## [EXCERPTED DATA]
▽

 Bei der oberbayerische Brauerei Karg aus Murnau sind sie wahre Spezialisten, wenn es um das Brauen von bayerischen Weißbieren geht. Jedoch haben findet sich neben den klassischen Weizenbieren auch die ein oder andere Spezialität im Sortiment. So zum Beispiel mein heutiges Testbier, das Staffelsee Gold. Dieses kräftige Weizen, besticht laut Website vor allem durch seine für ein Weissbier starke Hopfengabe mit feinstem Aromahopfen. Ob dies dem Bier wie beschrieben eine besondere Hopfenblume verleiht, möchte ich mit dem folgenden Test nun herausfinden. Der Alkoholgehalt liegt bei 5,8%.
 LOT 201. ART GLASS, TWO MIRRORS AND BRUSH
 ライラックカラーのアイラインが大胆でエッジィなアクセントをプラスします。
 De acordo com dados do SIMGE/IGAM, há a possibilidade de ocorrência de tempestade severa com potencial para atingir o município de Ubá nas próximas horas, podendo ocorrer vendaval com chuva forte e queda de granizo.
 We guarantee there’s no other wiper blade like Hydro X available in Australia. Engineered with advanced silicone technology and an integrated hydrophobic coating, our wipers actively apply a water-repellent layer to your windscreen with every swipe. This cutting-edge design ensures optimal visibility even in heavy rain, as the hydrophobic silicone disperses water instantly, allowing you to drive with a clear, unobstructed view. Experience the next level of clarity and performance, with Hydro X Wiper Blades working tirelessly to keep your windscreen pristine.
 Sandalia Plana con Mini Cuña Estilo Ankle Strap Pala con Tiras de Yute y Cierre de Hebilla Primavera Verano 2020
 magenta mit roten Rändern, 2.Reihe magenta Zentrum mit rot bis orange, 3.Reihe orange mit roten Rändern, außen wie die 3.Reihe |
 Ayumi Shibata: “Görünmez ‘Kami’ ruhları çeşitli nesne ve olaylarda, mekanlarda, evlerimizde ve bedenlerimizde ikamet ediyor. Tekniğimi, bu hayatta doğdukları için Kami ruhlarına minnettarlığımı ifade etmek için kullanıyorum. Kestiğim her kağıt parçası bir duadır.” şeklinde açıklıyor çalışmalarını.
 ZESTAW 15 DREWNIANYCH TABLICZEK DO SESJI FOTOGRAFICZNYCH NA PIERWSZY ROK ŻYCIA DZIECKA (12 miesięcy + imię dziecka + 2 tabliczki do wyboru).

△

Set down the line that contains "De acordo com" exactly. Do the same for each later line of the data, through the end, and add nothing.

## [ANSWER FOR THE TASK]
 De acordo com dados do SIMGE/IGAM, há a possibilidade de ocorrência de tempestade severa com potencial para atingir o município de Ubá nas próximas horas, podendo ocorrer vendaval com chuva forte e queda de granizo.
 We guarantee there’s no other wiper blade like Hydro X available in Australia. Engineered with advanced silicone technology and an integrated hydrophobic coating, our wipers actively apply a water-repellent layer to your windscreen with every swipe. This cutting-edge design ensures optimal visibility even in heavy rain, as the hydrophobic silicone disperses water instantly, allowing you to drive with a clear, unobstructed view. Experience the next level of clarity and performance, with Hydro X Wiper Blades working tirelessly to keep your windscreen pristine.
 Sandalia Plana con Mini Cuña Estilo Ankle Strap Pala con Tiras de Yute y Cierre de Hebilla Primavera Verano 2020
 magenta mit roten Rändern, 2.Reihe magenta Zentrum mit rot bis orange, 3.Reihe orange mit roten Rändern, außen wie die 3.Reihe |
 Ayumi Shibata: “Görünmez ‘Kami’ ruhları çeşitli nesne ve olaylarda, mekanlarda, evlerimizde ve bedenlerimizde ikamet ediyor. Tekniğimi, bu hayatta doğdukları için Kami ruhlarına minnettarlığımı ifade etmek için kullanıyorum. Kestiğim her kağıt parçası bir duadır.” şeklinde açıklıyor çalışmalarını.
 ZESTAW 15 DREWNIANYCH TABLICZEK DO SESJI FOTOGRAFICZNYCH NA PIERWSZY ROK ŻYCIA DZIECKA (12 miesięcy + imię dziecka + 2 tabliczki do wyboru).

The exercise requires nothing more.